Melanie Courtot: It depends on what you’re calling KR… Ontologies are time consuming and take a lot of time, and they’re typically not funded. If we’re talking about KR other than ontologies, then you want to ensure that you keep any KR solution lightweight. She liked that a lot of the talks were very practically oriented.
Helen Lippell: She doesn’t work on funded projects at the moment, but instead going into private sector companies. They have lots of projects on personalization and content filtering. You can’t really do these things without ontologies / domain models / terminologies, and without ensuring these are all referring to the same thing. She’s like to see more people in the private sector working with ontologies – shouldn’t be just academics – go out and spread your knowledge!
Allison Gardener: From the POV of a biologist coming into Computer Science, she’s primarily concerned with high quality data rather than just lots of data. What features she chose and how she defined these features was really important. Further, how you define a person (and their personal data) would determine how they are treated in a medical environment. Ontologies are really important in the context of Big Data.
Peter Andras: If you look how KR works in the context of Image Analysis – transformation of images and fed into a Neural Network – you get statistical irregularities in the data space. Your KR should look at these irregularities and structure those in a sensible way that you can use for reasoning. This works for images, but is more difficult / much less clear when you’re looking at text instead. However, if you can add semantics into the text data, perhaps you can more meaningfully derive what transformations make sense to get those high quality irregularities from your analysis. Sociologists have several million documents of transcribed text from interviews – how you analyse this, and get out a meaningful representation of the information contained therein, is difficult and ontologies could be helpful. How can you structure theories and sociological methodologies such that you add more semantics?

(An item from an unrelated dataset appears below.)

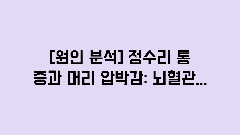 정수리 통증과 머리 압박감을 유발하는 원인을 뇌혈관 건강 및 고혈압 연관성을 중심으로 분석했습니다. 머리 꼭대기가 무겁게 눌리는 통증의 정체와 뇌 피로를 해소하는 실질적인 해결책을 통해 위험 신호를 감지하고 건강한 뇌 컨디션을 회복하는 가이드를 확인하세요. … 더 읽기.
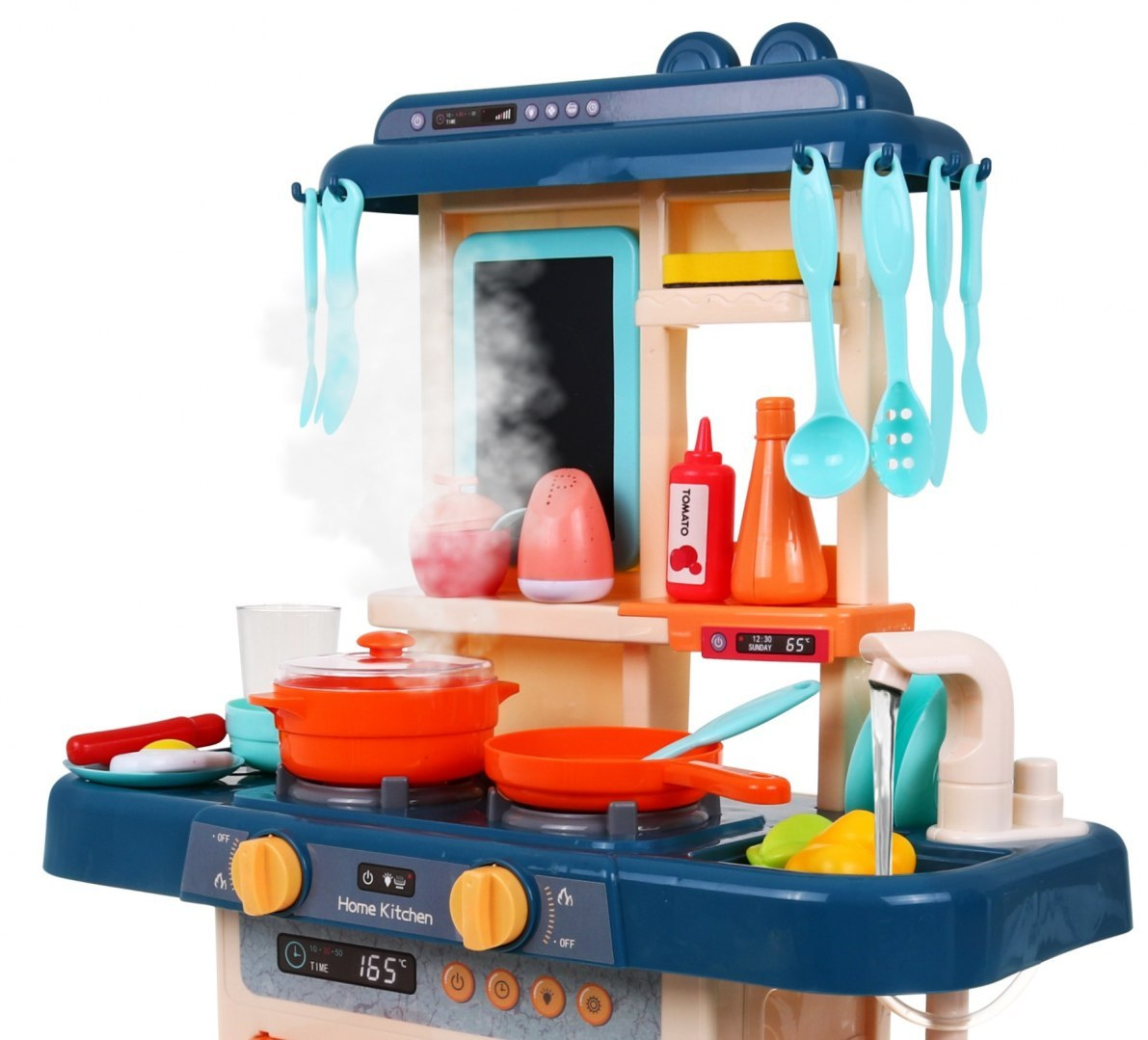 | Kuhinja ima sudoper sa slavinom iz koje teče voda, dva indukcijska plamenika, pomične ručke, otvoreni hladnjak, police, opis i dosta kuhinjskog pribora. Nakon uključivanja plamenika na štednjaku čuju se zvukovi kuhanja i popraćeni su trepćućim crvenim svjetlom. Osim toga, jedan plamenik ima funkciju stvaranja pare. Zanimljivo rješenje je postaviti opisni tekst iznad plamenika. Na njemu možete ispisati popise za kupovinu ili recepte. Cijeli set se sastoji od 42 elementa. Izvrsna izrada, jarke boje, šareno pakiranje. Igračku napajaju 3 x AA baterije (nisu uključene). Igračka za djecu stariju od 3 godine, ima CE certifikat. | |

Q: Have ontologies over-promised? Did we think it could do more than it has turned out that it could do? Melanie: What are we trying to do here? Trying to make sense of a big bunch of data… As long as the tools work, it doesn’t really matter if we don’t use ontologies. Phil: “Perfection is the enemy of the good.” Peter: There hasn’t been really an over-hype problem. Perhaps you’ll see the development of fewer handcrafted ontologies and more automated ontologies via statistical patterns. But what kind of logic should we use? Alternative measures of logic might apply more – the weighting of logic changes.
Please note that this post is merely my notes on the presentation. I may have made mistakes: these notes are not guaranteed to be correct. Unless explicitly stated, they represent neither my opinions nor the opinions of my employers. Any errors you can assume to be mine and not the speaker’s. I’m happy to correct any errors you may spot – just let me know!